April 2, 2007: In 2004, Richard Berg said some activists had doubts about running for office in Chicago Local 743. With over 12,000 members, running for Local 743 office is a big task to take on.

Then, six weeks before nominations, Local 743 members at Silver Capital went out on a wildcat strike. Members of the 743 New Leadership Slate, the reform team, went down to the picket line.

Almost all of the strikers were immigrants from Mexico. “The business agent for the shop, who was also the vice president of the local, came out and told the members that if they didn’t go back to work, he would call immigration on them,” Berg explained.

“The New Leadership Slate had to act,” said Berg. “We put Marcela Garcia, the leader of the strike, on our slate to run against the vice president. Wherever she went, she told the story of how our local leadership tried to deport its own members.”
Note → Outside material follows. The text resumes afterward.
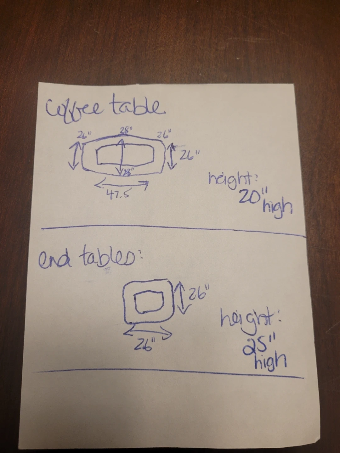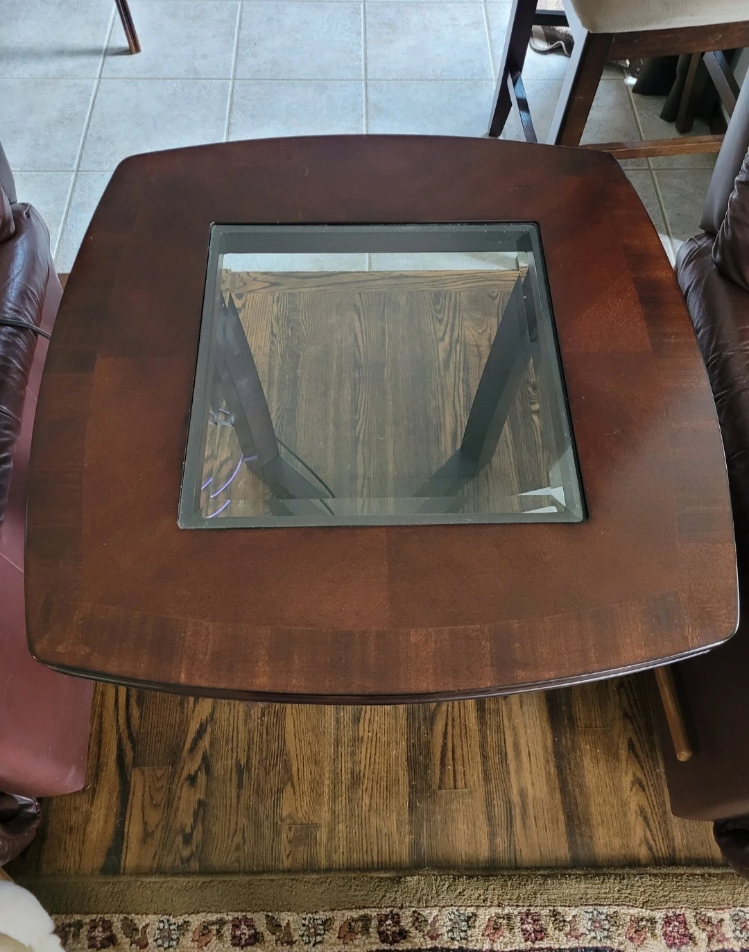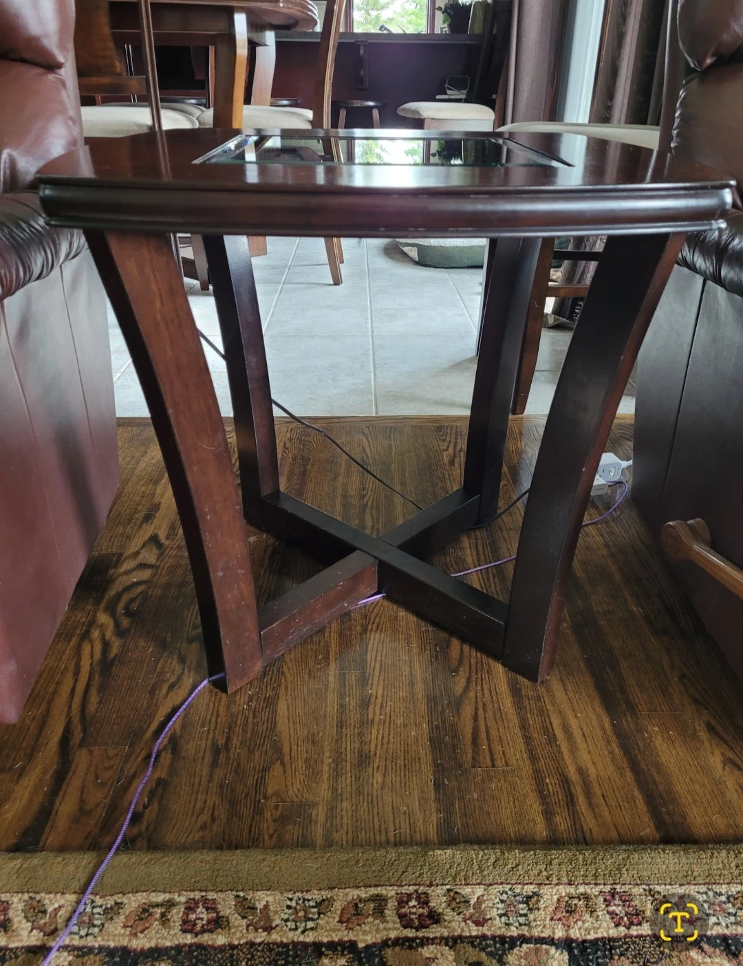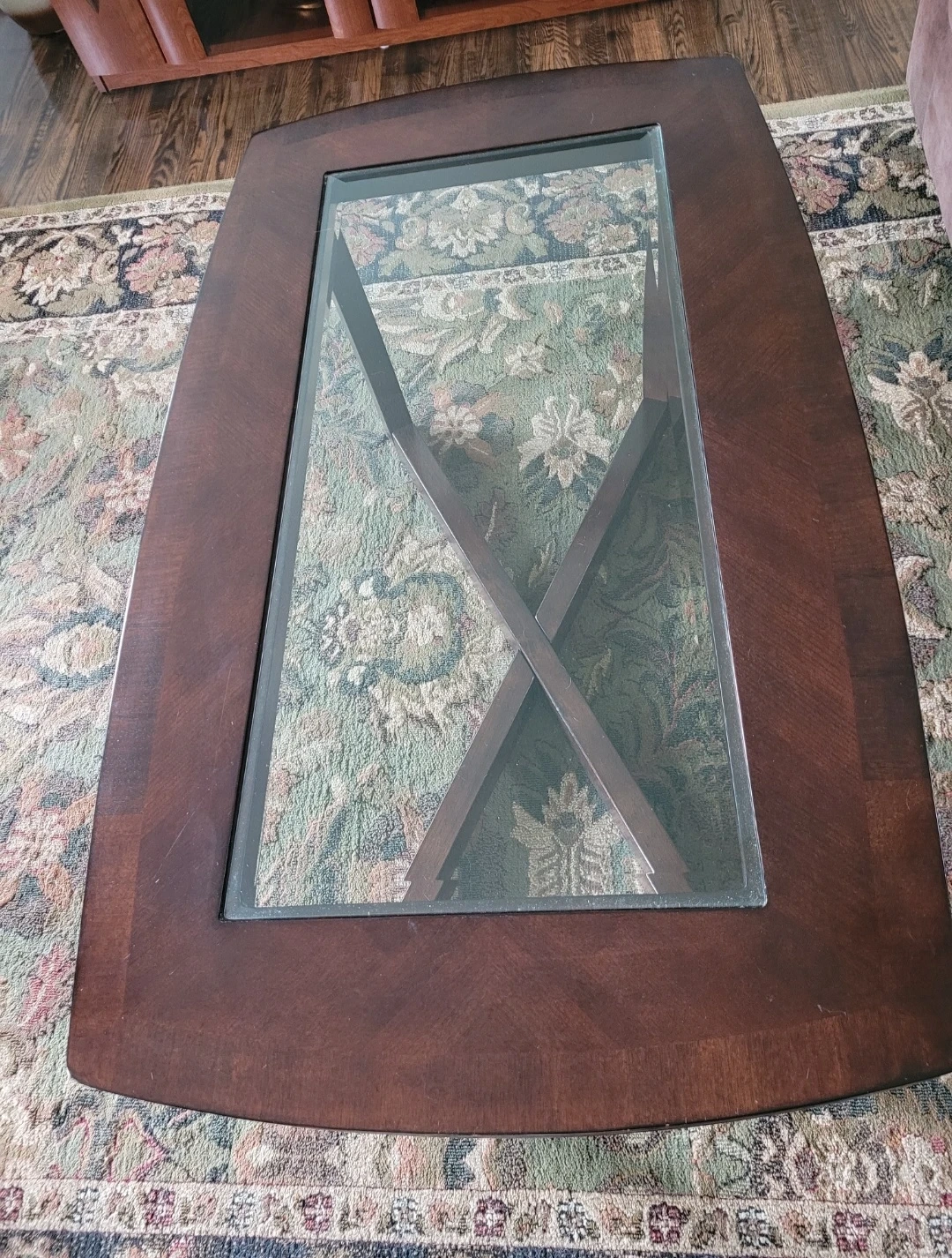 Solid wood with a rich dark finish and elegant glass inset tops. Very sturdy with a modern cross-base design.

Richard Berg narrowly won the election.

But the local officials pulled a trick. They stopped the count, with Berg ahead, and ordered a re-run, which they blatantly stole. The U.S. Department of Labor has taken them to court for that, and will likely be supervising an election in Local 743.

You Have to Lead
“The 2004 election taught me that you’ve got to start providing leadership for the members right now, before you ever get elected,” Berg explained. “You’ve got to address the issues that members care about and lead on them.”
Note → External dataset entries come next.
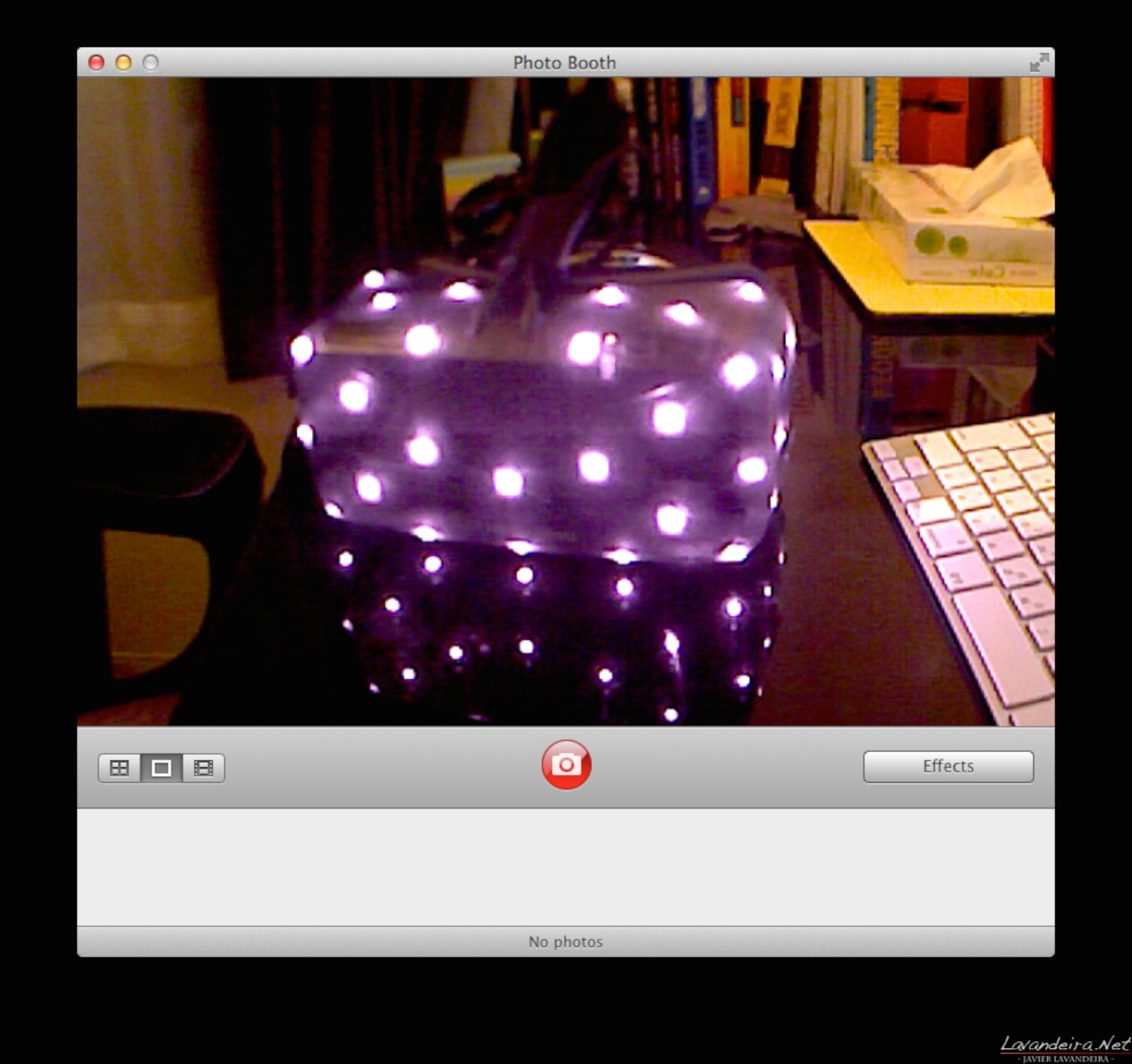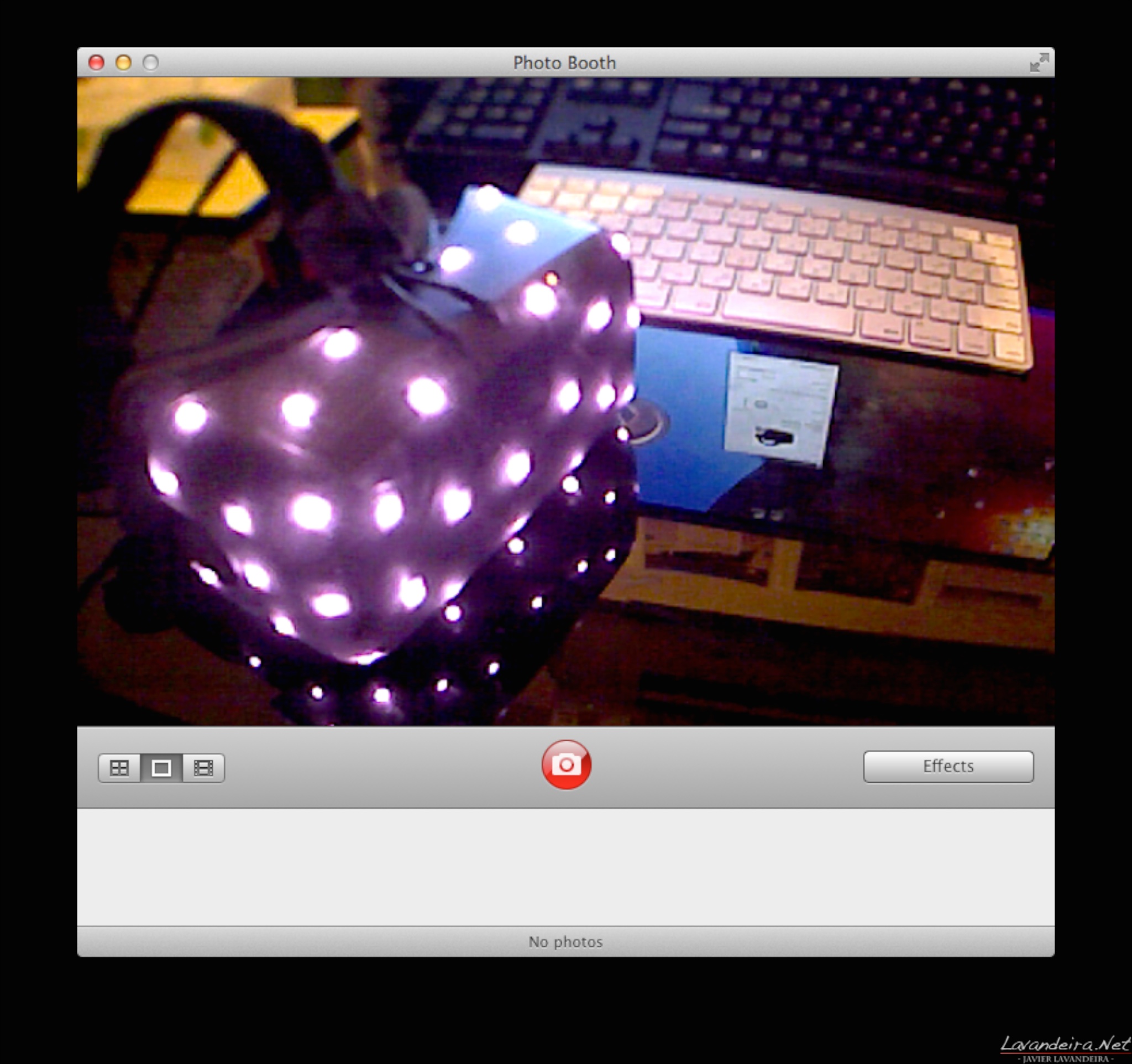 The DK2 fixes this in a very effective way. You put the infrared camera in a location where it can see you move around. The headset tracks your orientation, and the camera tracks your position via a bunch of infrared LEDs in the headset. These infrared LEDs aren’t visible to the naked eye becaise they’re under the headset’s black plastic cover. However, this plastic is not completely opaque. It allows infrared light to pass. This is what the DK2 looks like when looking at it through an infrared camera:
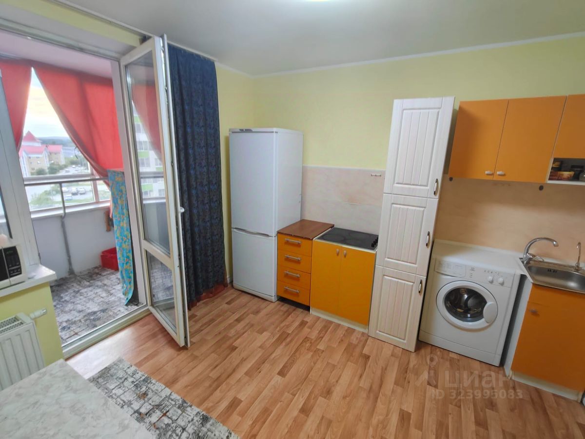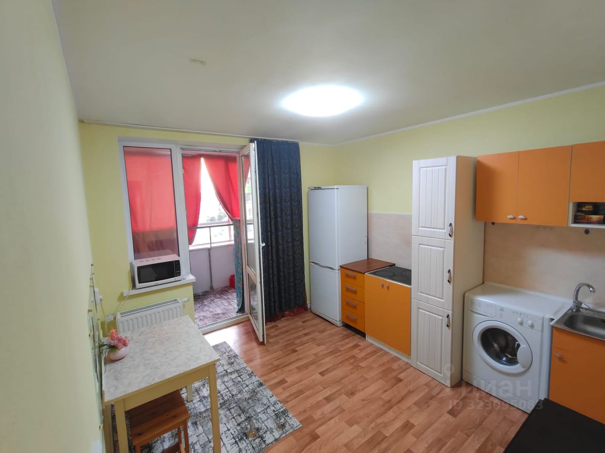 Большая светлая комната 14 кв.м и просторная кухня 10 кв.м. На кухне остается кухонный гарнитур со стеклокерамической варочной панелью.
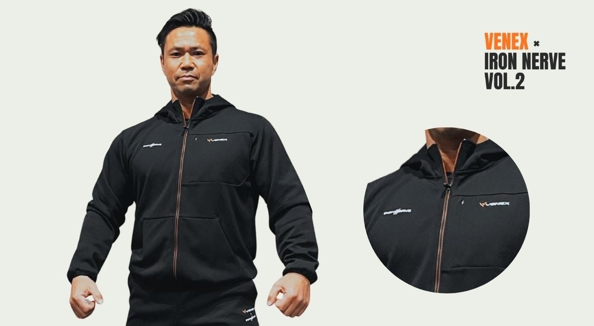 左胸には「VENEX」のロゴ、右胸には「IRON NERVE」のロゴをプリント。

There are lots of ways you can lead on the issues. If there are UPS members in your local, you can help build the Make UPS Deliver campaign by passing out bulletins and collecting email sign-up forms. If pensions are a hot topic, you can organize a pension workshop so members can talk about what to do. And there are local issues to work on.

“You’ve also got to establish your experience as a leader,” added Sandy Pope, president of Local 805. “Go to all the union meetings. Take advantage of labor education programs to educate yourself (and build your resume). Volunteer for a committee and try to get other members involved.”
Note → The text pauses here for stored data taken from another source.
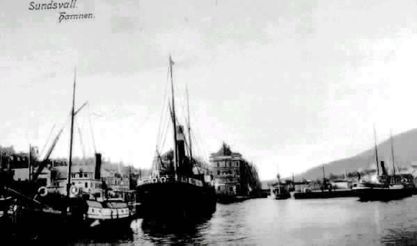 Vy med båtar i hamnen. Bakgrund kv Skonerten och Barkassen. Båten längst till vänster möjligen "Svartvik". Text på vykortet "Sundsvall. Hamnen".
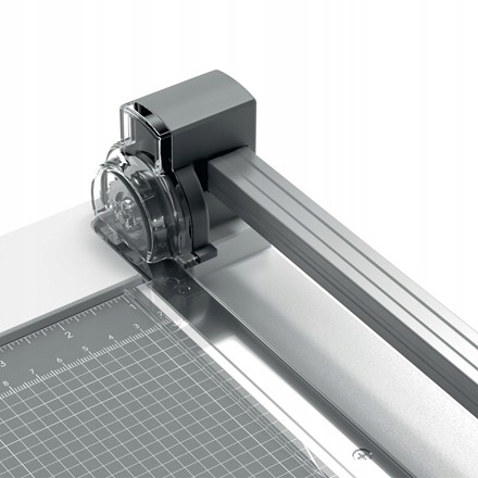 Jest lekki, ale solidny - umozliwia szybkie i precyzyjne ciecie do 10 kartek A4 (80 g/m?) jednocześnie. Latwo go przechowac, gdy nie jest potrzebny. Przezroczysta szyna prowadząca umozliwia śledzenie ciecia, a wygodny uchwyt glowicy tnącej zapewnia komfort uzytkowania. Naniesione na powierzchnie roboczą linie siatki metrycznej i zacisk papieru ulatwiają odpowiednie ulozenie papieru.
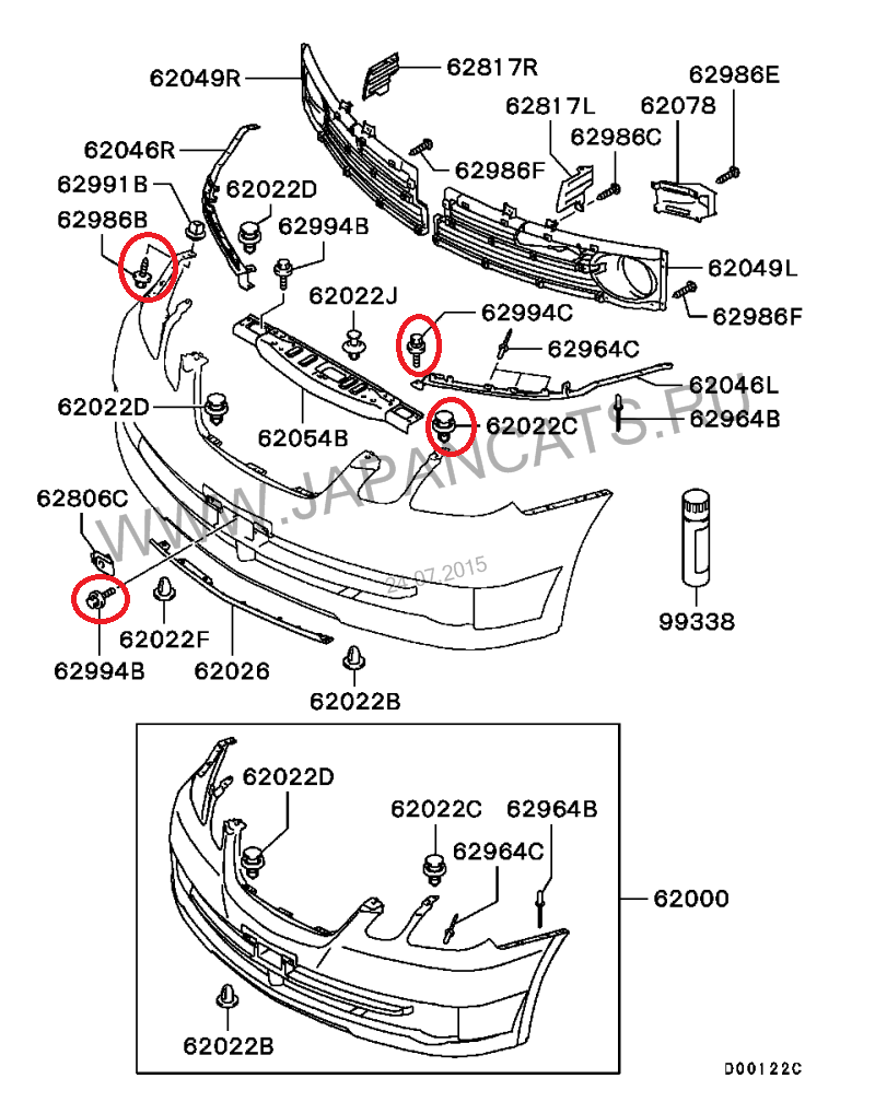 То что ты обвел на схеме, никак не влияет на крепление бампера к этому кронштейну. Бампер прикручивается к нему болтом 62944B в левом нижнем углу на твоей схеме, через закладную в бампере в центральном углублении за номерным знаком
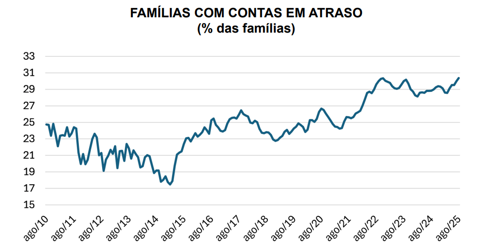 Além de desacelerar a demanda pelo crédito, o maior peso do custo de contratação de empréstimos e financiamentos tem produzido impactos significativos sobre o nível de inadimplência do consumidor. De acordo com a CNC, o percentual de famílias com contas em atraso atingiu o maior

“Just because people dislike the incumbent doesn’t mean they will vote for you,” Berg advised.

“The members have to see your team as real leaders,” Berg added. “You can do that by passing out information, holding meetings, and getting members involved in these fights.”

Getting an Early Start
The other key to a successful campaign is to get an early start, Pope explained: “You’ve got to start campaigning very early, and you’ve got to keep campaigning all the way to the end.”

To build the support needed to win, successful slates make a plan to reach out to all the members of the local several months before the nominations.

“In Local 743, we go out with flyers and a petition to every worksite where we can get support,” said Richard Berg. “We use the petition to meet people and get phone numbers for our campaign list, and also to gauge our support. When it’s time to get out the vote, we know where we have support and how to tap it.”

“When I first ran for office, I made an extra point to reach out to opinion leaders in every shop—especially the shop stewards,” Pope said. “It’s always hard to tell where you really have support, and many members depend on their stewards when they decide whom to vote for.”

Once the ballots are out, knowing where you have support and where your opponents are strong is critical. After the ballots are out, you should work to build turnout where you have strong support.

Get Advice from TDU
“TDU wrote the book on running for local office,” Berg explained. “If you’re thinking of running this year or in 2008, contact TDU right away.”

If you are going to win, there are a lot of organizational issues and legal problems you have to plan for. TDU can help set up a meeting in your local. TDU leaders can help your team put together an election game plan so that you are prepared for every step of the process.

A Reform Movement
Winning office is not going to solve all of your local’s problems.
Successful reform slates have found that running for local office is only one part of an overall strategy for building a strong union.

“Building a reform movement in your local has to start before you take office,” Pope explained. “You have to build a network of people working together to build a stronger local. Help other members get involved in the local. Get Convoy out. Don’t just be a critic—offer suggestions to make the local better.”